The first notable statistic: Of 27.5 million people who filed a tax return in 2014, 9.1 million paid no federal income tax for reasons that included low incomes or a previously unused RRSP deduction among others. That’s the first relevant statistic: One-third of tax filers pay nothing in federal income tax (or provincial given that the federal government determines taxable income for nine provinces). Those taxpayers do pay other taxes, the GST/HST for example. However, low-income Canadians also receive full or partial rebates for such taxes.

As for who pays what in income tax, start with those who report incomes of less than $50,000. In 2014, that cohort represented just more than 68 per cent of tax filers and earned roughly 32 per cent of all income. Their share of all federal income tax collections: a bit more than 13 per cent. For those with incomes between $50,000 and $99,999, more than 23 per cent of all tax filers, their share of all income at 35 per cent was identical to their share of total federal income tax collected: 35 per cent.

There is no accepted definition of who is rich, middle income or poor. But most people might think incomes greater than $100,000 provide a comfortable living. Here now we approach the Prime Minister’s claim, which I pose as a question: Do they pay their “fair share” of taxes?

For any reasonable person, the answer should be “yes” and based on the following: In 2014, those whose incomes exceeded $100,000 represented more than 8 per cent of all tax filers, garnered slightly more than 33 per cent of all income and paid nearly 52 per cent of all federal income tax.

Or expressed differently: If having less than one-tenth of all tax filers pay more than half of federal income tax isn’t yet fair, it is unclear what proportions will satisfy the tax-the-rich-more class warriors.

Break down that six-figure cohort even further with a look at incomes greater than $250,000. In 2014, they represented 1 per cent of all returns filed and earned 11.3 per cent of all income.

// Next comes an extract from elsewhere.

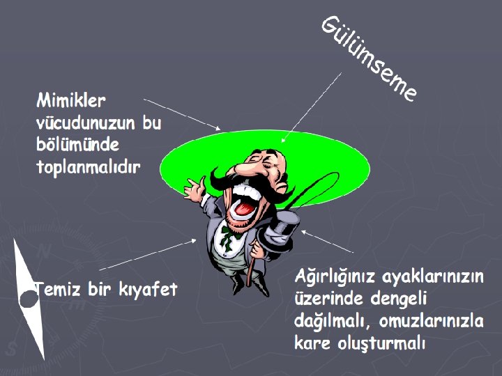 Mimikler vücudun bu bölümünde toplanmalıdır Temiz ve tertipli bir kıyafet Neşeli ve gülümseyen bir surat

Their share of federal income tax paid: 21.1 per cent.

For the record, the provincial statistics are broadly similar. And here is one last relevant fact in this debate: Consider all taxes and fees as a percentage of the economy. In 2014, such revenues amounted to 38.5 per cent of GDP; in 2015 the figure was 38.6 per cent.

That percentage has been higher during wars and when governments paid a fortune in debt interest (in the 1980s). However, there was a notable decade when governments taxed Canadians less than they do now: the 1970s, when the current Prime Minister’s father, Pierre Trudeau, was (mostly) in power. Between 1970 and 1979, total taxes and fees sent to all levels of government never rose above 38.1 per cent of GDP (in 1974). In the Pierre Trudeau decade, the lowest taxed year was in 1970. That’s when revenues to all governments constituted 35.2 per cent of the economy.

I agree with the current Prime Minister’s claim that the “middle class pay too much in taxes.” But that’s because I know how often governments misallocate our tax dollars. But Mr. Trudeau’s claim that the rich don’t pay enough – the core assumption in the proposed tax changes – is simply wrong: There is no one in Canada who pays too little in tax.

Mark Milke is author of Tax Me I’m Canadian: Your Money and How Politicians Spend It.